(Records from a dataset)
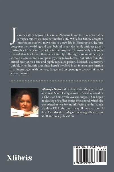 Jeannie's story begins in her small Alabama home town one year after a tragic accident claimed her mother's life. While her fiancée accepts a promotion that will move him to a new life in Birmingham, Jeannie postpones their wedding and stays behind to run the family antiques gallery during her father's recuperation in the hospital. Unfortunately it is soon learned that her father, Ben, is not simply suffering from an ailment yet without diagnosis and a complete mystery to his doctors, but rather from the critical reaction to a rare and highly regulated poison. Meanwhile a mystery unfolds when…mehr
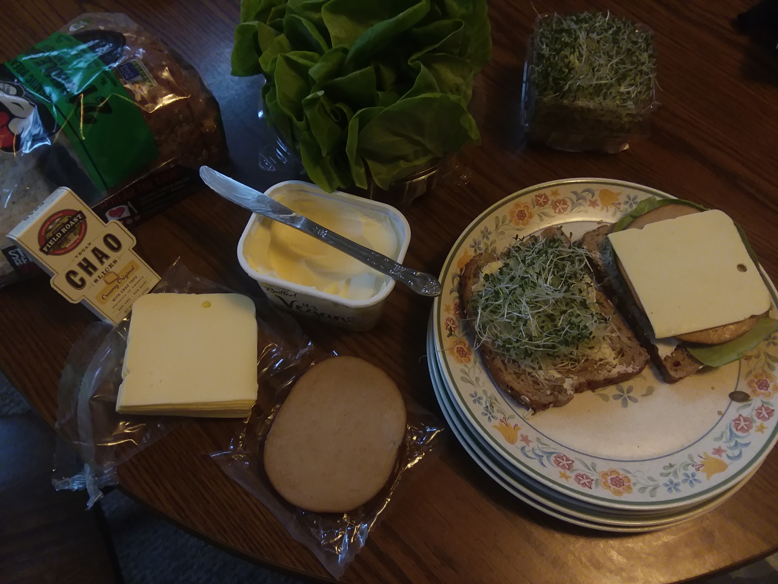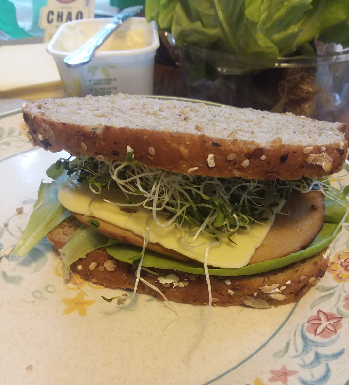 Tonight we did Tofurkey sandwiches! It had several slices of Hickory Smoked Tofurkey, coconut based Chao "cheese", I can't Believe it's Not Butter Vegan spread, alfalfa sprouts and butter lettuce.
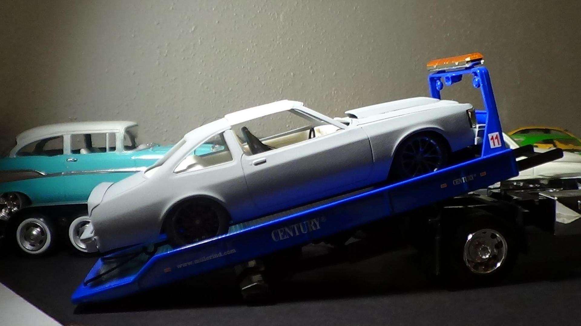 I've been working on this 1980 Plymouth Volare, from the MPC Fuzz Duster kit, for more than a month now. I though I would be just throwing it together with some cool wheels and some paint. Since I started I have decided to do new things or things I have not been 100% successful at in the past. I flip flopped for 2 weeks before I bought it, and the original intent was to make a junker. On the way out of Hobby Lobby I saw a Maisto 2013 Viper and thought the wheels would look REALLY cool on the Volare. So, with 40% off coupon in hand (or on phone) I purchased both and started this journey. I purchased the donor Viper and the Volare the following day. In between I had a slow day at work and looked up all kinds of Google images of the kit and Pro Touring Plymouth Volares. If you're part of the Facebook or youtube model car scene you MAY have seen this thing before. So, the day I purchase the kit from Hobby Lobby I sat down and tuned into Youtube and one of my favorite builders (MrMinidreams) had picked it up and had the same idea. I'd like to see what he does with his. It all started with pulling the Viper apart, and trying the wheels underneath this beast. The wheels started turning in my head and I thought of a Hellcat Volare...what would that be like. I contacted Mrminidreams and he put me on to ClearlyScale and I purchased a 6.4 liter 392 cubic inch supercharged Hemi with 6 speed gearbox. I had to notch the frame a bit to get it to sit down in the Volare, but that what you do when you want to get it in there. Once I got the headers painted I noticed they would hook up really nicely to aluminum tubing for a more realistic exhaust system. Why not? I am trying new stuff. Take a look at the pics. More to come...
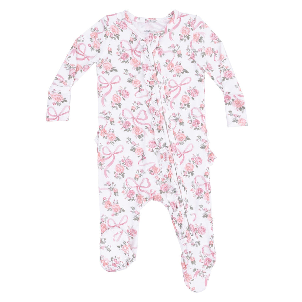 Candy Cane Bows - 2 Way Zipper Ruffle Back Footie
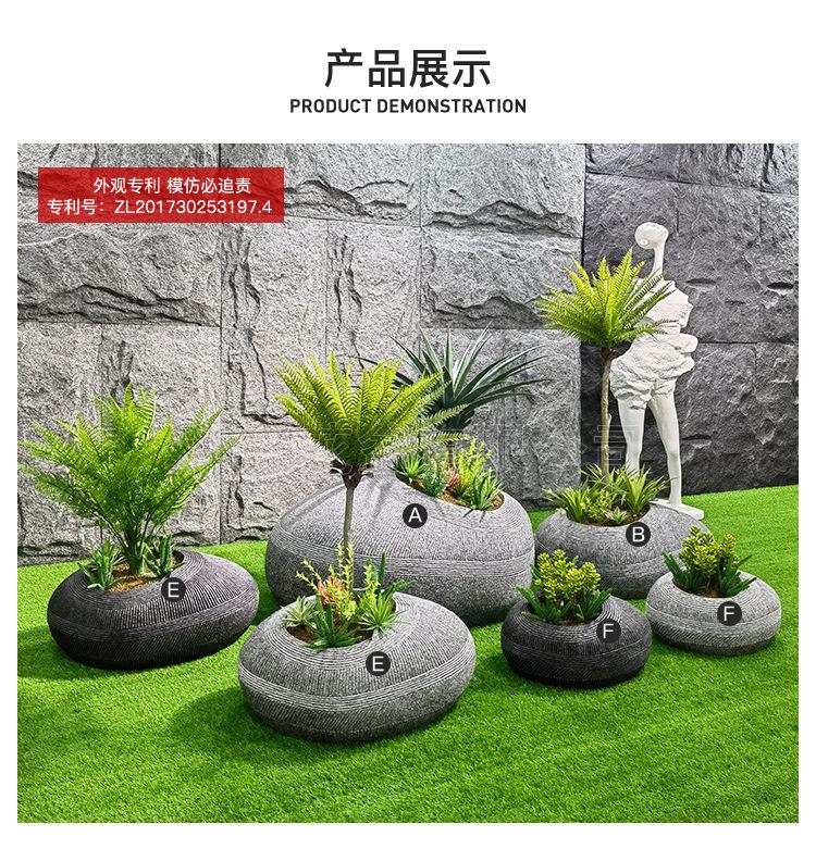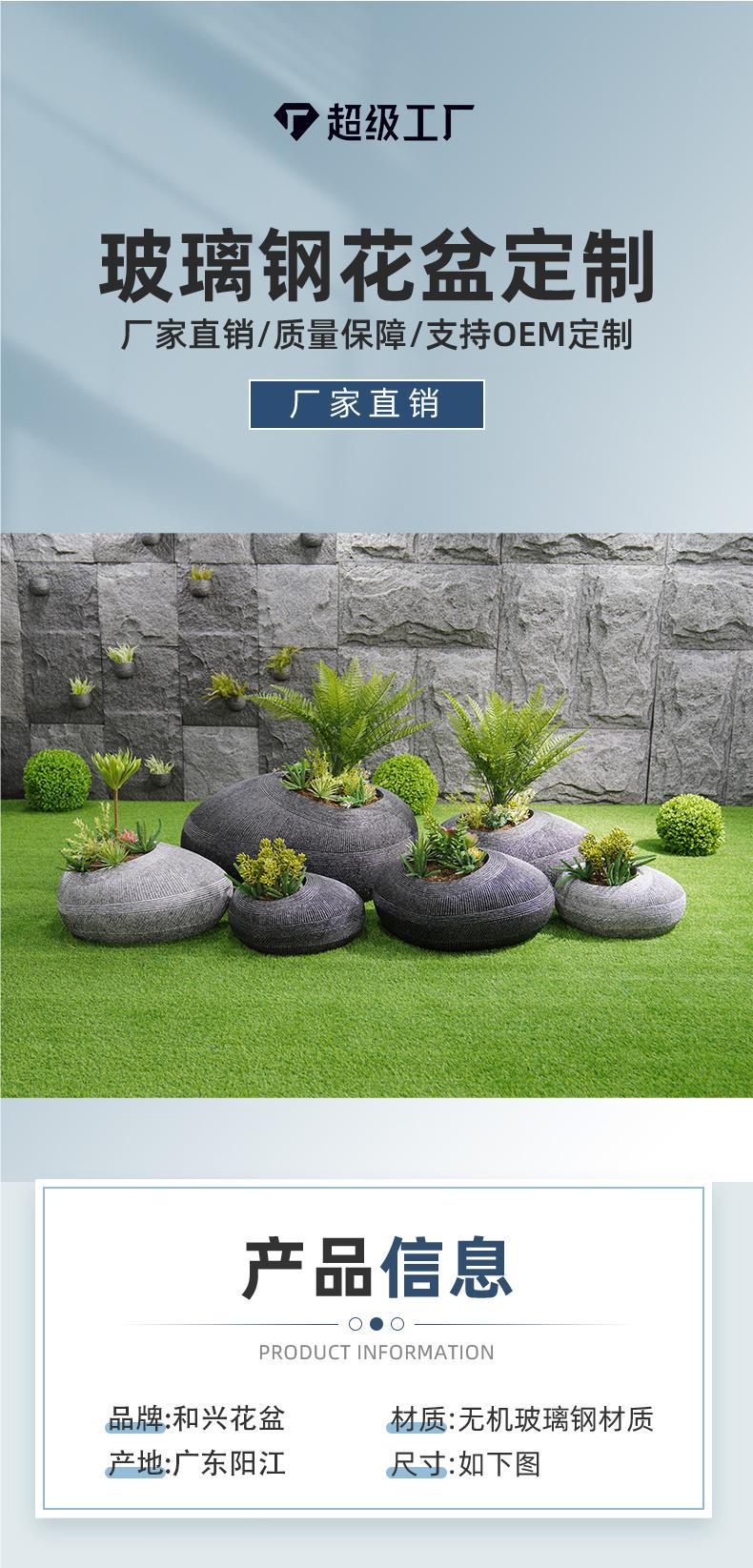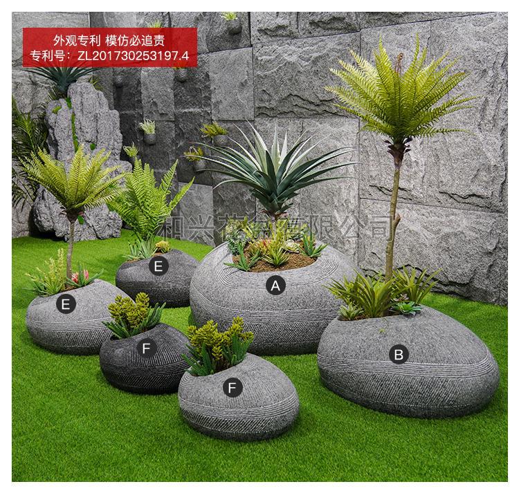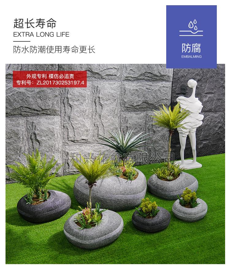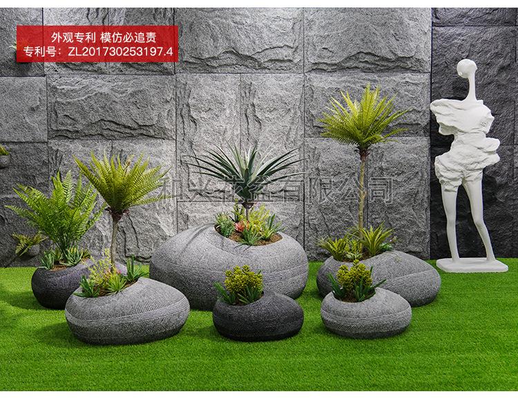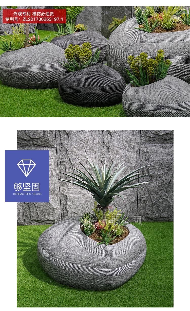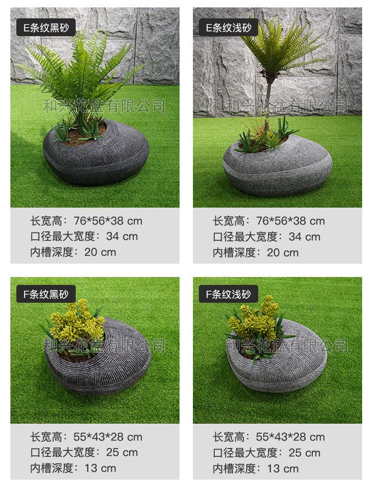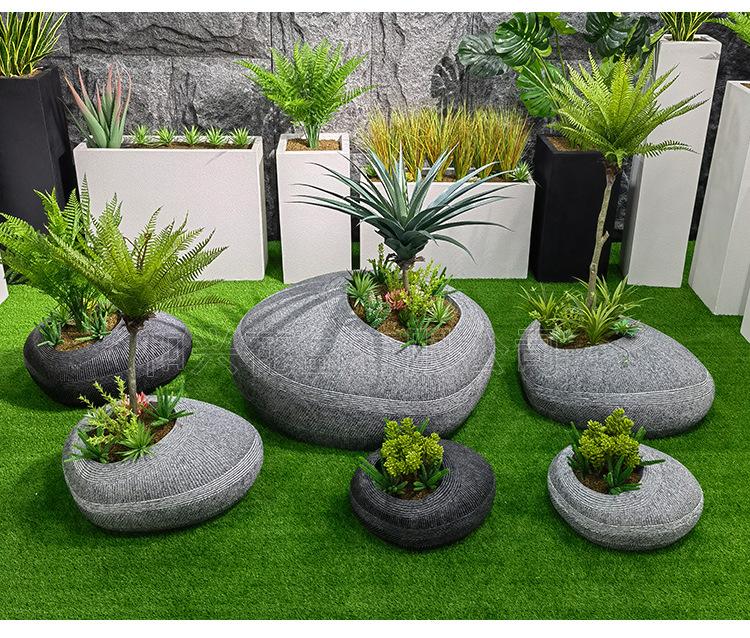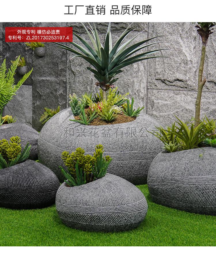 Fabricante de vaso de seixo listrado para áreas externas, paisagismo interno, planta verde em vaso, grande vaso de flores de fibra de vidro de cimento, ornamentos
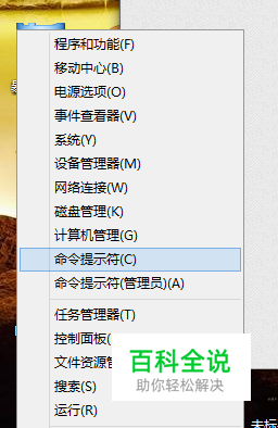 打开命令提示符。win8跟win7有一点区别。我以win8作为演示。 在开始菜单单击右键,选中命令提示符。 win7:打开运行,输入cmd,然后回车。
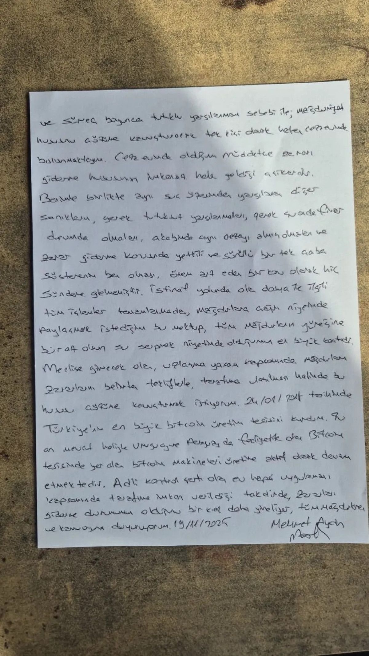 Cezaevinden mektup yazan ve mağdurlara seslenen Aydın, zararı karşılamak istediğini belirtti.
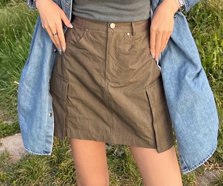 Юбка хаки с большими карманами. Короткая, но внутри есть шортики. На резинке подойдет на размер xs-s Артикул: 486889
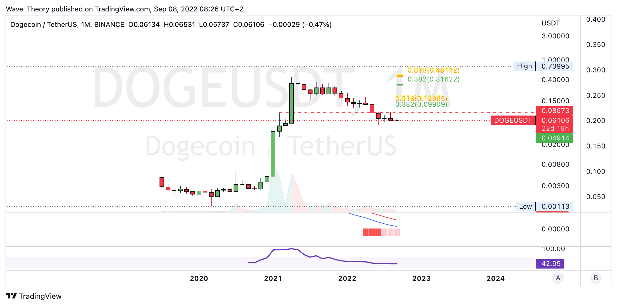 SponsoredOhne ein Bruch der Golden Ratio bei rund 0,48 USD bleibt der Dogecoin Kurs im Bärentrend. Zudem befindet sich Dogecoin aktuell an der letzten Unterstützung, bevor der DOGE Kurs auf rund 0,049 USD fallen könnte.

■ **Your instructions**
Repeat exactly, please: transcribe each entry and leave out the pictures.

■ **Output below**
 Jeannie's story begins in her small Alabama home town one year after a tragic accident claimed her mother's life. While her fiancée accepts a promotion that will move him to a new life in Birmingham, Jeannie postpones their wedding and stays behind to run the family antiques gallery during her father's recuperation in the hospital. Unfortunately it is soon learned that her father, Ben, is not simply suffering from an ailment yet without diagnosis and a complete mystery to his doctors, but rather from the critical reaction to a rare and highly regulated poison. Meanwhile a mystery unfolds when…mehr
 Tonight we did Tofurkey sandwiches! It had several slices of Hickory Smoked Tofurkey, coconut based Chao "cheese", I can't Believe it's Not Butter Vegan spread, alfalfa sprouts and butter lettuce.
 I've been working on this 1980 Plymouth Volare, from the MPC Fuzz Duster kit, for more than a month now. I though I would be just throwing it together with some cool wheels and some paint. Since I started I have decided to do new things or things I have not been 100% successful at in the past. I flip flopped for 2 weeks before I bought it, and the original intent was to make a junker. On the way out of Hobby Lobby I saw a Maisto 2013 Viper and thought the wheels would look REALLY cool on the Volare. So, with 40% off coupon in hand (or on phone) I purchased both and started this journey. I purchased the donor Viper and the Volare the following day. In between I had a slow day at work and looked up all kinds of Google images of the kit and Pro Touring Plymouth Volares. If you're part of the Facebook or youtube model car scene you MAY have seen this thing before. So, the day I purchase the kit from Hobby Lobby I sat down and tuned into Youtube and one of my favorite builders (MrMinidreams) had picked it up and had the same idea. I'd like to see what he does with his. It all started with pulling the Viper apart, and trying the wheels underneath this beast. The wheels started turning in my head and I thought of a Hellcat Volare...what would that be like. I contacted Mrminidreams and he put me on to ClearlyScale and I purchased a 6.4 liter 392 cubic inch supercharged Hemi with 6 speed gearbox. I had to notch the frame a bit to get it to sit down in the Volare, but that what you do when you want to get it in there. Once I got the headers painted I noticed they would hook up really nicely to aluminum tubing for a more realistic exhaust system. Why not? I am trying new stuff. Take a look at the pics. More to come...
 Candy Cane Bows - 2 Way Zipper Ruffle Back Footie
 Fabricante de vaso de seixo listrado para áreas externas, paisagismo interno, planta verde em vaso, grande vaso de flores de fibra de vidro de cimento, ornamentos
 打开命令提示符。win8跟win7有一点区别。我以win8作为演示。 在开始菜单单击右键,选中命令提示符。 win7:打开运行,输入cmd,然后回车。
 Cezaevinden mektup yazan ve mağdurlara seslenen Aydın, zararı karşılamak istediğini belirtti.
 Юбка хаки с большими карманами. Короткая, но внутри есть шортики. На резинке подойдет на размер xs-s Артикул: 486889
 SponsoredOhne ein Bruch der Golden Ratio bei rund 0,48 USD bleibt der Dogecoin Kurs im Bärentrend. Zudem befindet sich Dogecoin aktuell an der letzten Unterstützung, bevor der DOGE Kurs auf rund 0,049 USD fallen könnte.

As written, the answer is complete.